Since the training is performed on limited vocabulary data, it cannot be guaranteed that during prediction an algorithm will not encounter an unknown word (a word that were not seen during training). In order to teach an algorithm how to treat unknown words, some words in training data can be substituted by generic word OOV_token. In this case during prediction all unknown words will be treated as this generic word OOV_token.

For example, one might create separate intent outofscope in the training data containing messages of different number of OOV_token s and maybe some additional general words.

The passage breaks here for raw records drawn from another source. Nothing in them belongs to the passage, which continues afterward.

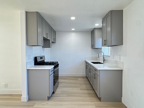 New range and ovenAbundant natural lightRoomy kitchenElegant quartz countertopsRoomy layoutLarge stainless steel sinkLarge bedrooms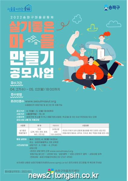 ▲ 사진=송파구송파구는 주민 스스로 살고 싶은 마을을 만드는 ‘2022년 살기좋은 마을만들기 공모사업’을 오는 5월 2일까지 접수를 받는다고 밝혔다.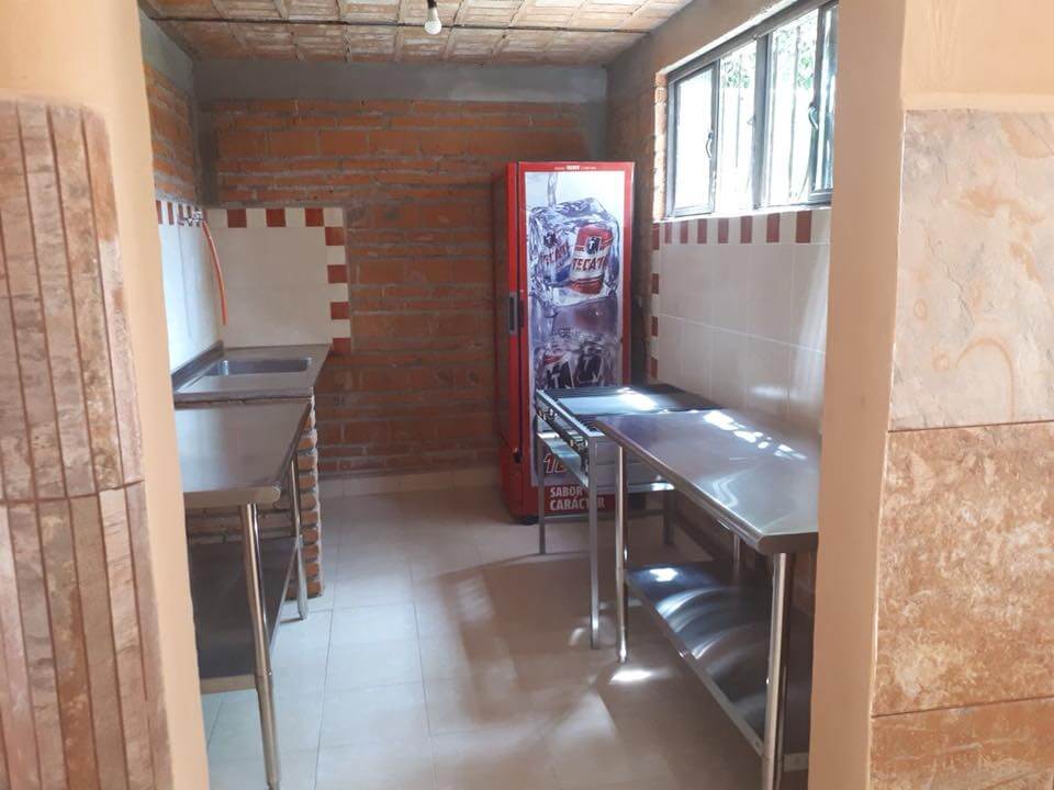 Cocina con refrigerador, parrilla con gas y tarja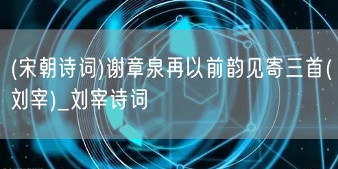 (宋朝詩(shī)詞)謝章泉再以前韻見寄三首(劉宰)_劉宰詩(shī)詞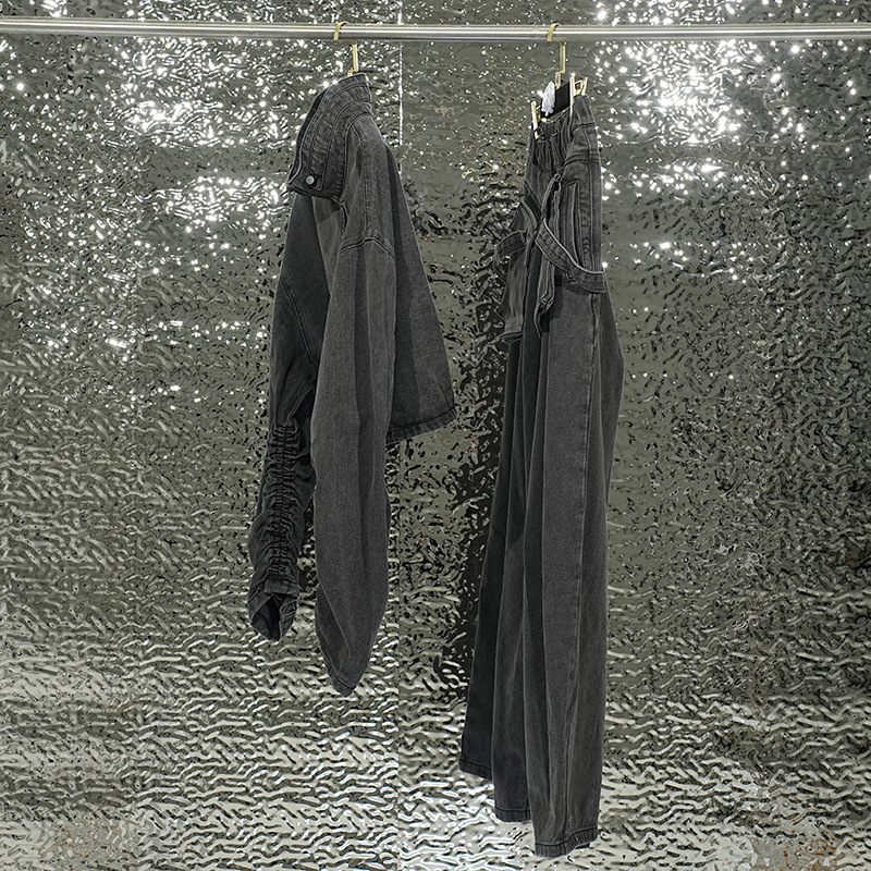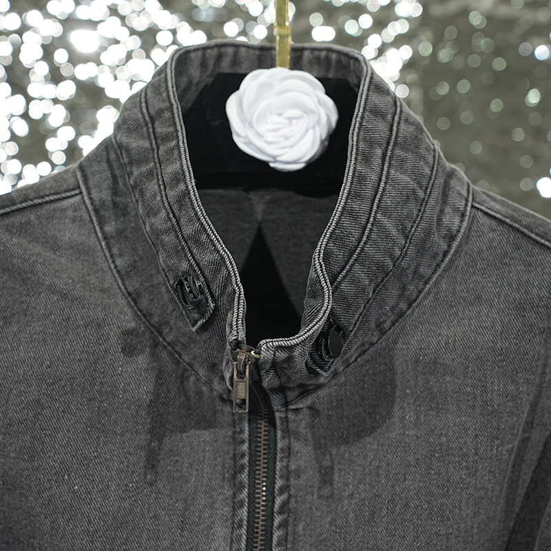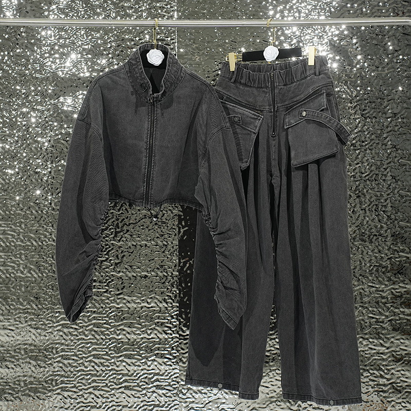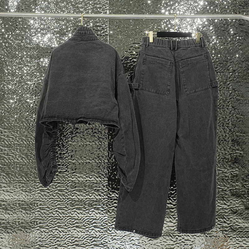 Женский костюм из плотного денима в уличном стиле, осенне-зимняя куртка с брюками прямого кроя, комплект из двух предметов, винтажная обработка.

Then an algorithm will likely classify a message with unknown words as this intent outofscope.

You can either set the OOV_token or a list of words OOV_words:

  • OOV_token set a keyword for unseen words; if training data contains OOV_token as words in some messages, during prediction the words that were not seen during training will be substituted with provided OOV_token; if OOV_token=None (default behavior) words that were not seen during training will be ignored during prediction time;

  • OOV_words set a list of words to be treated as OOV_token during training; if a list of words that should be treated as Out-Of-Vocabulary is known, it can be set to OOV_words instead of manually changing it in training data or using custom preprocessor.

Note

This featurizer creates a bag-of-words representation by counting words, so the number of OOV_token in the sentence might be important.

Note

Providing OOV_words is optional, training data can contain OOV_token input manually or by custom additional preprocessor. Unseen words will be substituted with OOV_token only if this token is present in the training data or OOV_words list is provided.

If you want to share the vocabulary between user messages and intents, you need to set the option use_shared_vocab to True. In that case a common vocabulary set between tokens in intents and user messages is build.

pipeline:
- name: "CountVectorsFeaturizer"
  # Analyzer to use, either 'word', 'char', or 'char_wb'
  "analyzer": "word"
  # Set the lower and upper boundaries for the n-grams
  "min_ngram": 1
  "max_ngram": 1
  # Set the out-of-vocabulary token
  "OOV_token": "_oov_"
  # Whether to use a shared vocab
  "use_shared_vocab": False

The above configuration parameters are the ones you should configure to fit your model to your data. However, additional parameters exist that can be adapted.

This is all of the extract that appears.